Our neighbor Norm Wright found this 1976 MGB in Manchester, Vermont, still resplendid in its original bracken paint, but needing a clutch, tires and some other titivation. Speaking strictly personally, I’m kind of partial to some of the colors seemingly left by the wayside such as this car displays, like, say any MGA still wearing, or at least close to, it’s original Alamo Beige. Most recently, we changed out the brake master cylinder, and hey, it goes pretty good.
Later MGB master cylinders with their PDWA switch and three brake lines can be kind of a fiddly installation, and creating good access makes the job much easier. ALWAYS start the brake lines by hand before using a wrench. We begin with the one on the bottom before we even slide it over the brake servo studs, and use Vice Grips GENTLY to help line up the other two pipes. If you’re not sure about whether the servo has turned into a brake fluid sump for a leaky master cylinder, undo the vacuum line from the manifold and use it as a putative drain pipe.
Take special note of the wet paper towel (brake fluid is the solvent for paint, and water the solvent for brake fluid) and the fluorescent drop light which can’t become an ignition source for the fuel in the carburetor.
In other MGB news, Reilly has been sorting thru some diverse issues with a 1972 MGB of generally good character. One of the items for attention was tracing the source of a very hot fuse protecting functions which are switched thru the ignition like the wipers & turn signals. We call it the “green” fuse.
The first obvious fault was the installation of a 35 amp Parts Store fuse. The correct Lucas-style fuse allows a 35 amp surge, but only 17 amps continuously, (17/35). However the ultimate culprit, pictured above, was in the trunk.
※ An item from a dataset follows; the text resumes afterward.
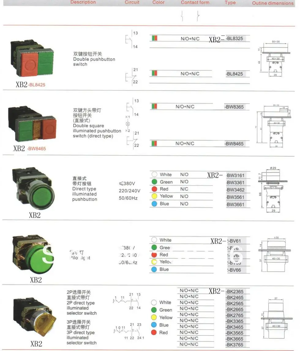 Кнопочные переключатели Серии XB2 используются в промышленных цепях управления переменного тока 50 Гц или 60 Гц, Номинальное рабочее напряжение до 380 В и ниже, рабочее напряжение постоянного тока до 220 В и ниже для управления магнитным стартером, контактором, реле и другими электрическими схемами. Кнопки с индикацией соответствуют стандарту GB14048.5-2001.

A black wire (always ground) plugged into the snap connector for the brake lights, which are of course green wires and therefore hot when the brake light switch is on.
Sticking calipers were another complaint. Dealing with calipers is made a whole lot easier if you first remove the brake pads and then pump the pistons out against the brake rotors. Sometimes they’ll pull out at that point, but when they don’t we center drill & tap the pistons and use a hex bolt as an extractor.
It’s also considered to be good etiquette to clean & repack the front wheel bearings at the same time. We’re guessing these wheel bearings were last serviced some time around 1980.